Neal Dingmann: No, that makes sense, right? And just quick follow-up, I won’t keep it just on the buybacks, just Randy, your thoughts on is that sort of as overall just earnings and cash flow keep ramping up just thoughts on would you do anything different with the buybacks or how that sort of factors in?
Randy Fowler: Yes. Neal, I think we will have more flexibility on buybacks. And again we look to be opportunistic with it. So, I mean you have seen us do $200 million or $300 million here over the last few years. I mean if there was a market dislocation, we have got the flexibility to do more. And then certainly, here in 2024 and 2025, we are looking at growth CapEx $3.25 billion to $3.75 billion range. I think once you get back out to 2026 2027, and if we are in a more of what I would say normalized CapEx range $2 billion, $2.5 billion, then we will have a lot more flexibility to do buyback then as well.

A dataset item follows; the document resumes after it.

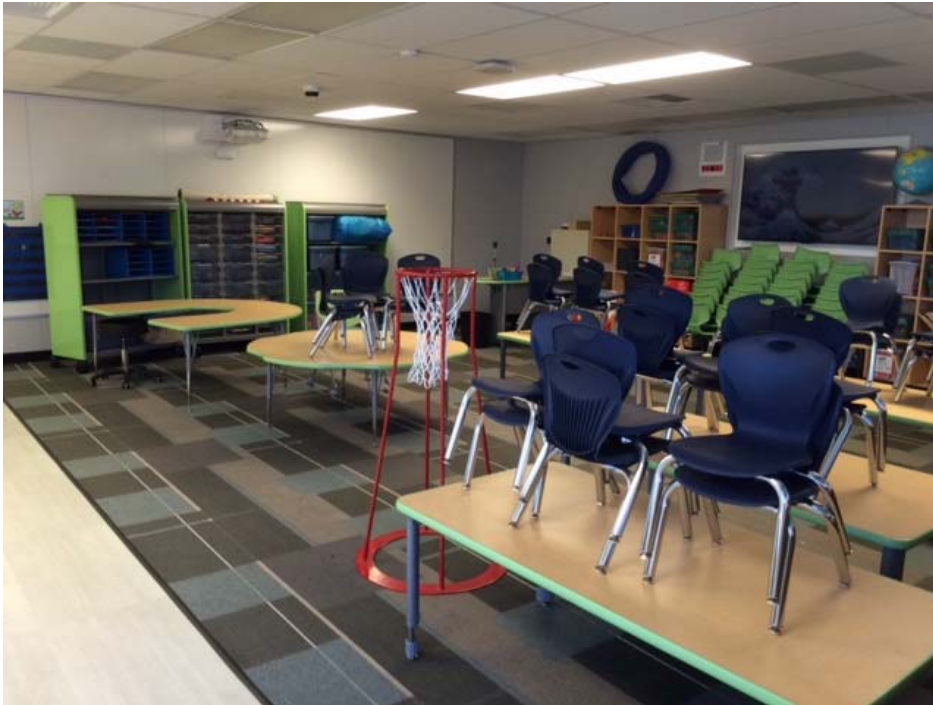
Room 3 – Friday, August 7 at 6:30 p.m.
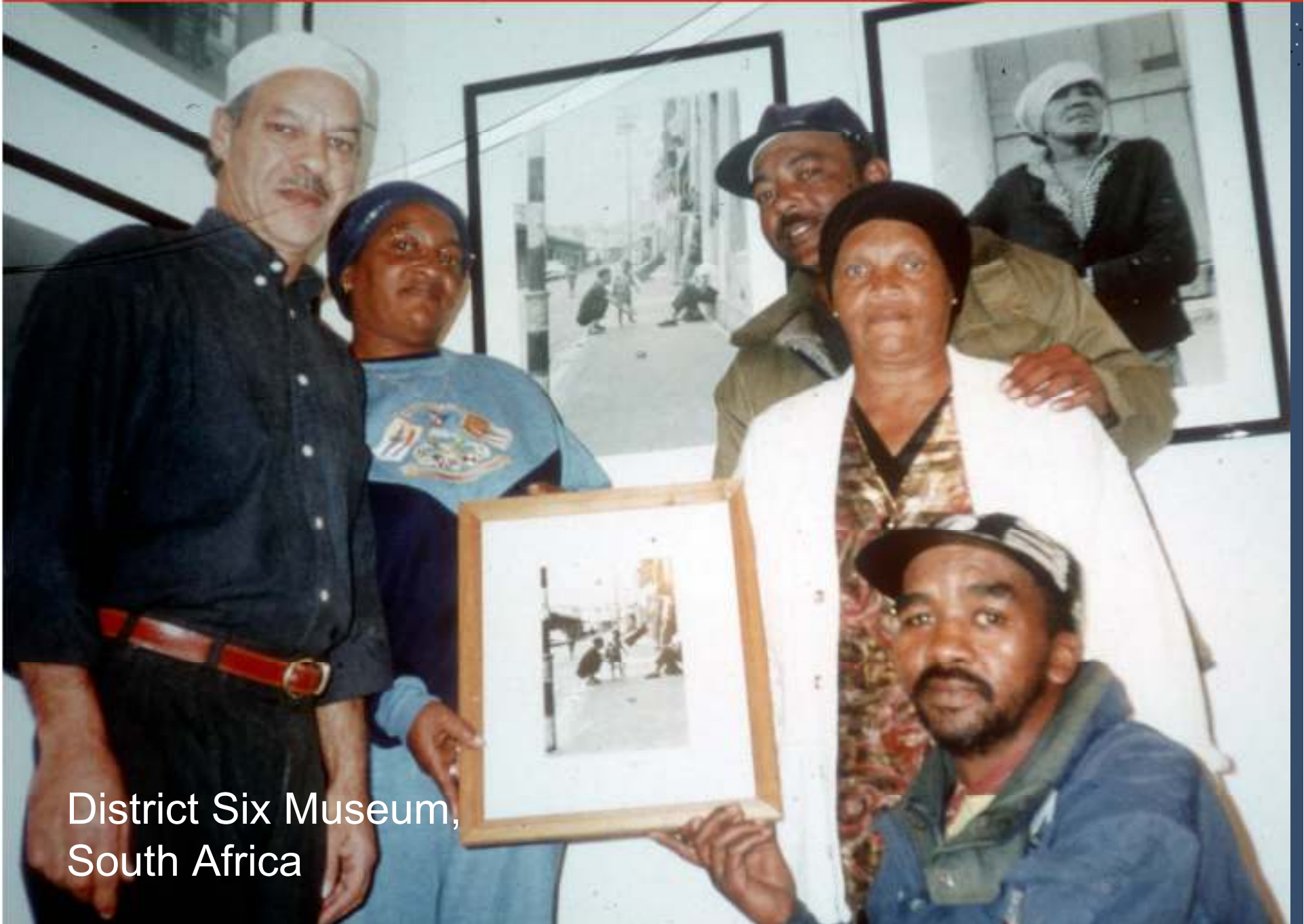
District Six Museum, South Africa

Neal Dingmann: Perfect. Thanks for the time Randy.
Operator: Thank you. This does conclude the question-and-answer session of today’s program. I would like to hand the program back to Libby Strait for any further remarks.
Libby Strait: Thank you everyone for joining us today. That concludes our remarks. Have a good day.
Operator: Thank you, ladies and gentlemen for your participation in today’s conference. This does conclude the program. You may now disconnect. Good day.